Singapore is the setting for new Hollywood movie Crazy Rich Asians — an adaptation of a best-selling novel that explores the insatiable consumerism of new money and old-world opulence in a continent producing more billionaires than anywhere else.
While the low-tax financial hub is often called a playground for the rich, Singapore’s wealthy tend to live a more conservative, low-key life than Hong Kong’s showy socialites or Macau’s high-rollers.
In step with the film’s release in the United States yesterday and ahead of its release in the city-state next week, here are five ways to spend your cash in Singapore ...

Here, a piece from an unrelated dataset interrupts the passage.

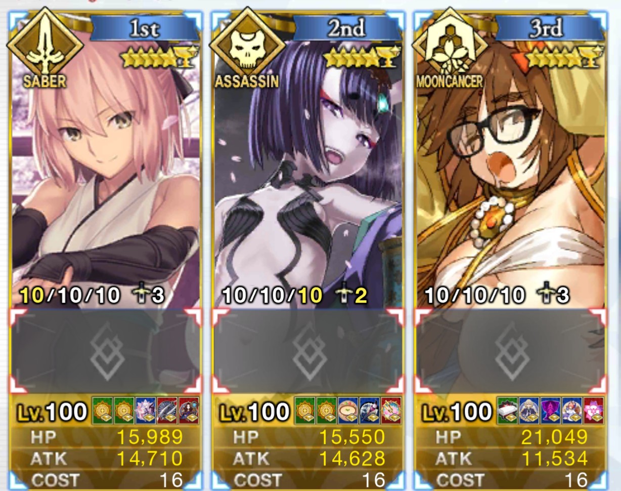 上はともかく下なら宝具ぶっぱで終わるから、虚数持たせた前衛だけ編成するのが一番手っ取り早いんだよね。>>875

Cars in Singapore are some of the most expensive in the world, owing to huge government taxes aimed at limiting their number in the tiny island-state.
That doesn’t stop the super-rich — Ferrari, Maserati and Lamborghini are commonly sighted. When a Singaporean character in Kevin Kwan’s book, Goh Peik Lin, moves to America to study she immediately buys a Porsche saying they are “such a bargain”.
For the super-rich patriot, Singapore-based firm Vanda Electrics has designed an electric supercar – Dendrobium. Its roof and doors open in sync to resemble the orchid that is native to Singapore and after which the vehicle is named.
A show car, built by the technology arm of the Williams Formula One team, was unveiled last year. It was originally estimated to cost around 3mn euros ($3.44mn) before tax, although Vanda Electrics advised the final price will likely be lower.
Yachts are an affordable alternative to such supercars.
“Impulse buys of luxury items such as yachts are becoming more common,” said Phill Gregory, the Singapore head of yacht dealers Simpson Marine, who sell everything from sports boats to superyachts costing tens of millions of dollars.
Gregory said Singapore-based clients have some of the most sophisticated tastes and an eye for style: sometimes he flies them to Europe to deck out their yacht with luxury furniture from the artisans of Milan or world-famous Carrara marble straight from the quarries in Tuscany.
Others have more unusual requests. These include a bespoke ‘beach club style’ lounge area set underneath a shimmering swimming pool, helipads or even a space to park a small submarine or sea-plane. The iconic Marina Bay Sands hotel – which resembles a giant surfboard perched on three tall columns – features prominently in the film’s trailer.
The hotel features the invitation-only Chairman’s suite – the largest in Singapore – which has its own gym, hair salon, and karaoke room, and according to some media reports costs over $15,000 a night. There is no publicly available price.
The likes of former British soccer star David Beckham and Bollywood actor Shah Rukh Khan have stayed at the hotel.
George Roe, director of hotel operations at Marina Bay Sands, said he has had some unusual requests from his guests including organising the delivery of 999 roses to a residential address in Singapore as a surprise.
“You do realise Singapore is the most food obsessed country on the planet?,” Nick Young, the very well-heeled protagonist of Crazy Rich Asians tells his girlfriend Rachel Chu ahead of their trip to the city-state.
Even hawker stalls hold Michelin stars in Singapore but there’s no shortage of places for the super-rich to get their fix.
The restaurant CUT by Wolfgang Puck is the only one in Singapore to offer Hokkaido snow beef — which is even scarcer than Kobe beef — through an exclusive arrangement with a private reserve in Japan.
Only two cattle are harvested from the reserve every month, with CUT receiving about 20-30 steaks a month – a chunk of which goes to regulars who visit the restaurant every time it comes on the menu, said general manager Paul Joseph. The current price is S$330 ($240) for a modest 170g serving.
Forget wearing gold – in Singapore you can drink it. Boutique Singaporean tea company TWG Tea claims to sell one of the world’s most expensive teas – a white tea plated with 24-karat gold which retails at S$19,000 ($14,000) a kilo. The Grand Golden Yin Zhen is described as a “glimpse of the divine in a teacup”, and the gold is said to have anti-oxidant properties that revitalise and rejuvenate the skin.
A staff member shows a pot of TWG Tea’s Golden Yin Zhen tea that costs $654 (S$900) per 45g of tea leaves at their tea shop in Singapore.